Dana Steichen’s Hands

Image

Steichen uses his painterly style with the camera to weave together the sinuous hands of his wife amongst some dried flora in the woods.

Edward Steichen, Dana Steichen's Hands, 1923, palladium print on paper, 9 1/2 x 7 1/4 inches. Acuired 2007; Bequest of Isadore and Kelly Friedman
© 2020 The Estate of Edward Steichen / Artists Rights Society (ARS), New York

Edward Steichen was a visionary determined to show that photography was an art form as well as a craft, which explains the painterly style characterizing his early images. Early in his career he was an aspiring painter as well as a photographer, which gave his early photographs a tendency toward Pictorialism, specifically, softly focused edges and a range of color. Here, Steichen weaves together a pair of sinuous female arms amongst erect thistle and against an ethereal outdoor background. The hands belong to the photographer’s second wife, the actress and future photographer Dana Desboro Glover, whom he married in 1923, the year he made this romanticized image.

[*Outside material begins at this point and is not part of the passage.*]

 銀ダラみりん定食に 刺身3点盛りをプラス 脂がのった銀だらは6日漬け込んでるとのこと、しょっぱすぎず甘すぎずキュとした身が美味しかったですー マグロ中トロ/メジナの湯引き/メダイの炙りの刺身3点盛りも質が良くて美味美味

Steichen grew up in Wisconsin and showing an early interest in art, studied at the Milwaukee Art Students League and became an apprentice lithographer; later he studied painting in Paris. Steichen started to photograph in 1896 and entered prints for the salons, where they attracted the attention of Clarence White and Alfred Stieglitz. Steichen eventually co-founded with Stieglitz the Photo-Secessionist group, which was dedicated to promoting photography as an art form. Dividing his time between New York and Paris, he sent Stieglitz modern art from Paris to publish in Camera Work and display in his 291 gallery. Steichen’s varied photography career also included: serving as a commander of aerial reconnaissance photography for the American Expeditionary Forces in World War I; chief photographer for Vogue and Vanity Fair, where his portraits of actresses and actors defined the Golden Age of Hollywood; head of US Navy photography in World War II; and finally, director of the photography department at the Museum of Modern Art until he retired in 1962 at age 83.